### WORK ORDER
All the lines below need to be transcribed exactly. Pictures get left out.

### DATA SHOWN
● ● ● ● ●
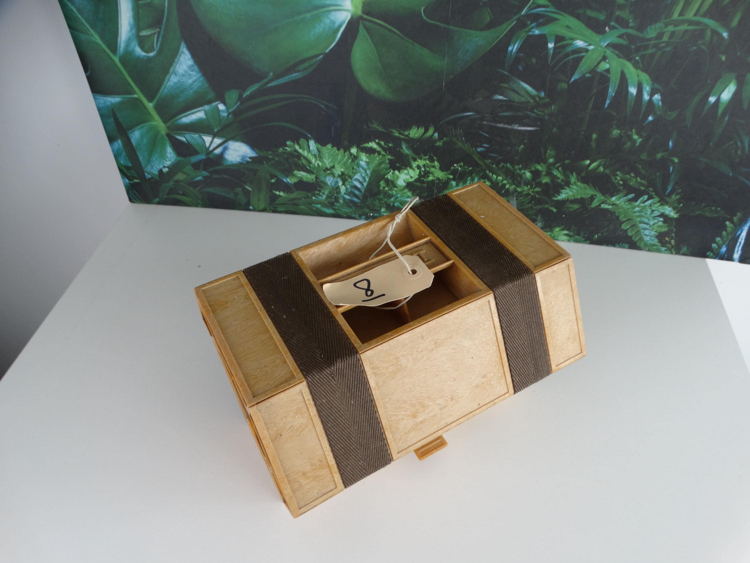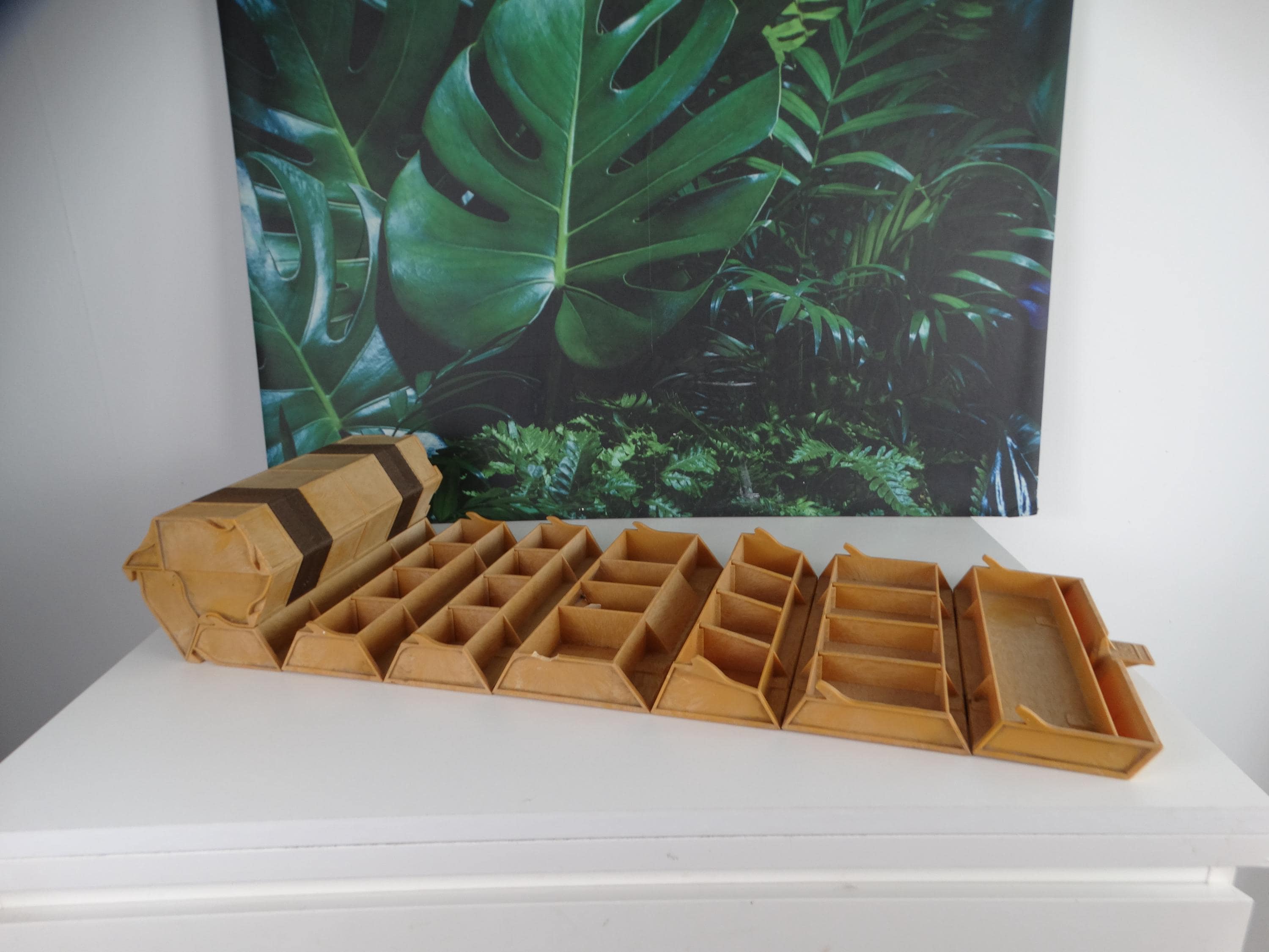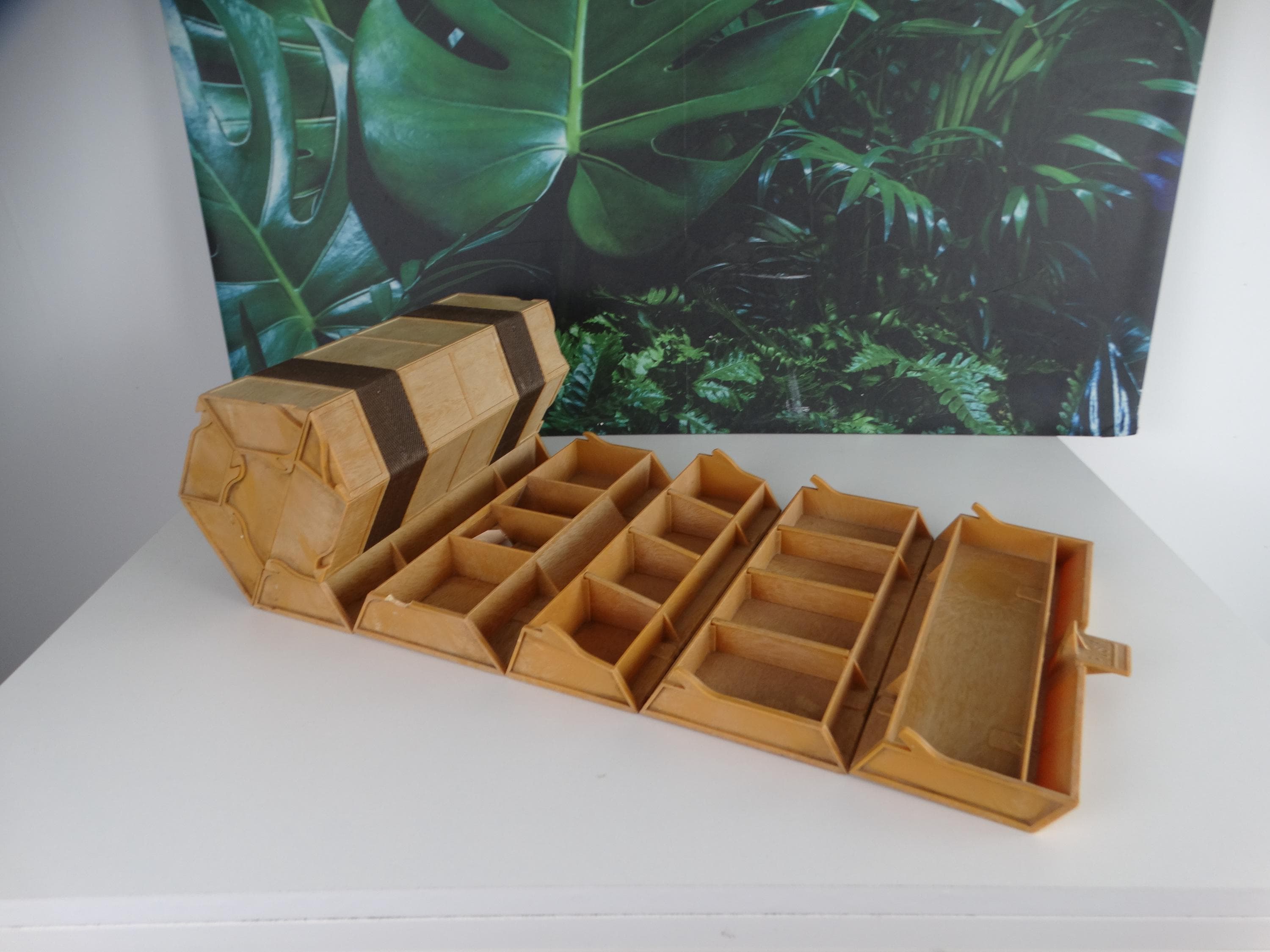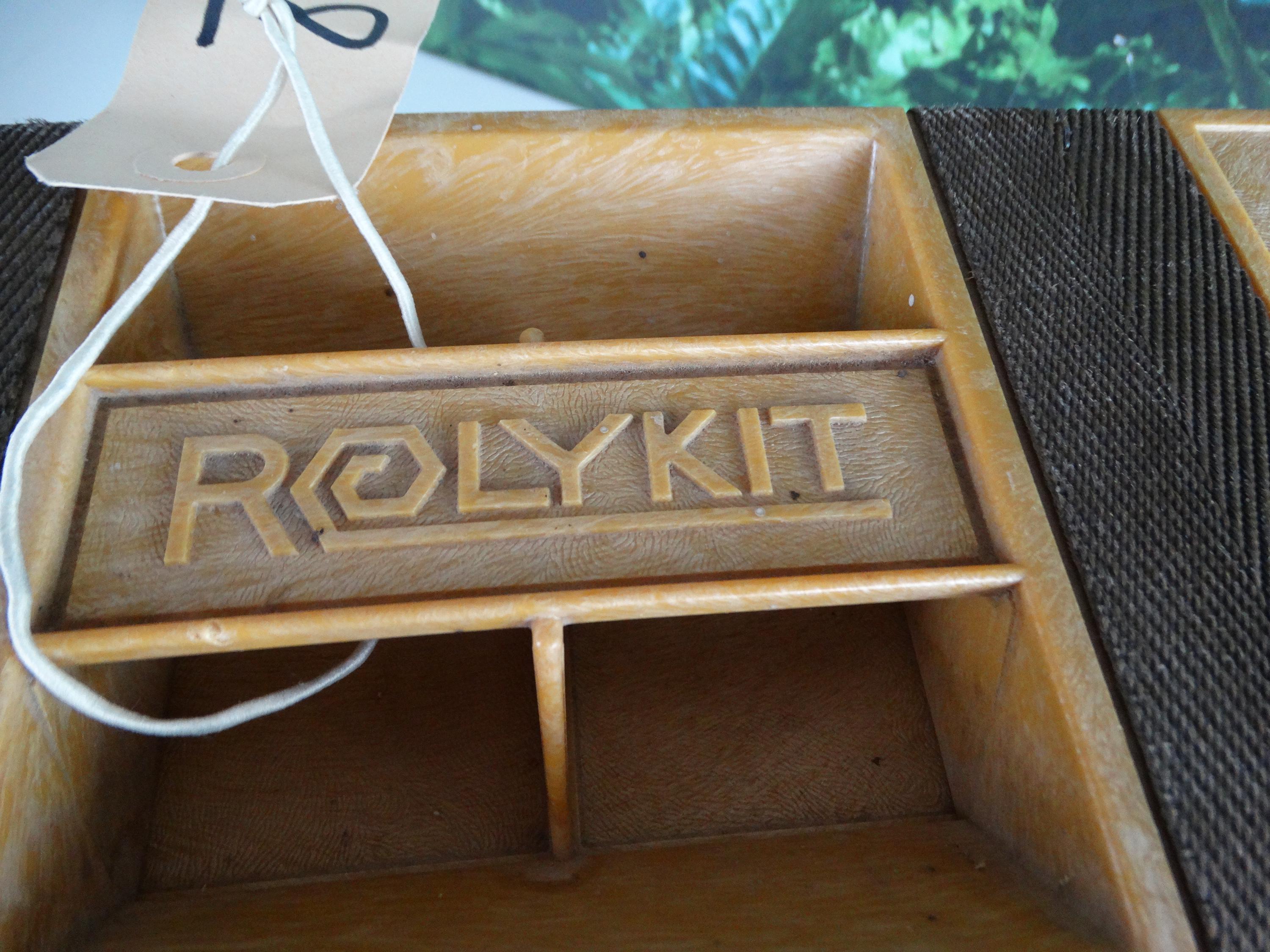 Here's a great Rolykit Roll-up Storage Box from the 1980s. It rolls out into this long strip of compartments. It's brown. Other than that, it's in good condition and has a handle for easy carrying. This piece would help keep all your goodies organized! In excellent condition!
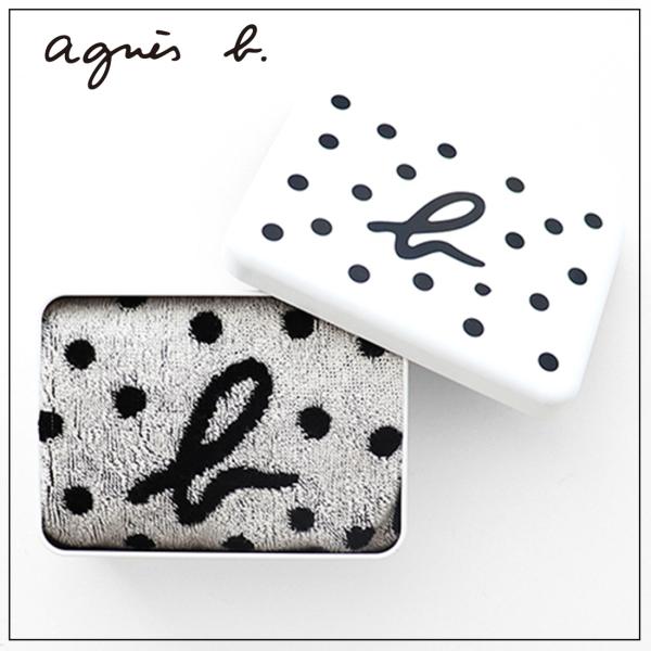 アニエスベー タオルハンカチ ドット&b.ロゴ(缶パッケージ入り ロゴ) ホワイト
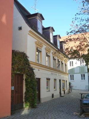 General-von-Nagel-Straße 3, house in Freising, Upper Bavaria, Germany. Two-storey gambrel roof building with historisising facade.
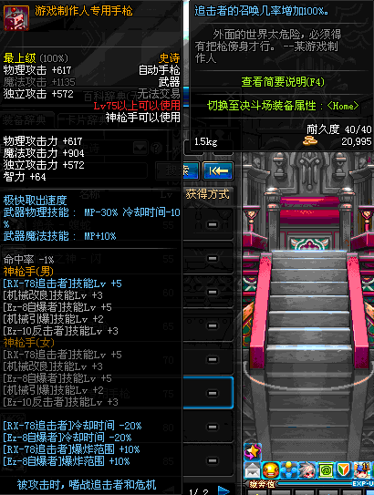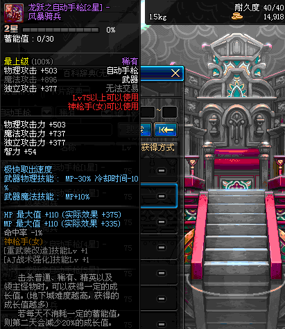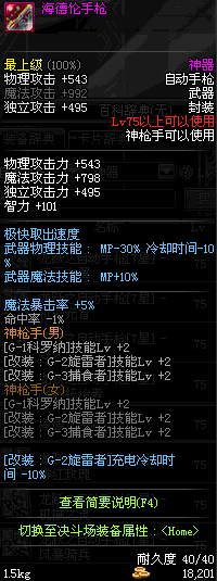 | 75 | 海德伦手枪 | *Lv75~81普通地下城怪物掉落 *在加百利的神秘商店购买 |
● ● ● ● ●
### ANSWER SECTION
 Here's a great Rolykit Roll-up Storage Box from the 1980s. It rolls out into this long strip of compartments. It's brown. Other than that, it's in good condition and has a handle for easy carrying. This piece would help keep all your goodies organized! In excellent condition!
 アニエスベー タオルハンカチ ドット&b.ロゴ(缶パッケージ入り ロゴ) ホワイト
 General-von-Nagel-Straße 3, house in Freising, Upper Bavaria, Germany. Two-storey gambrel roof building with historisising facade.
 | 75 | 海德伦手枪 | *Lv75~81普通地下城怪物掉落 *在加百利的神秘商店购买 |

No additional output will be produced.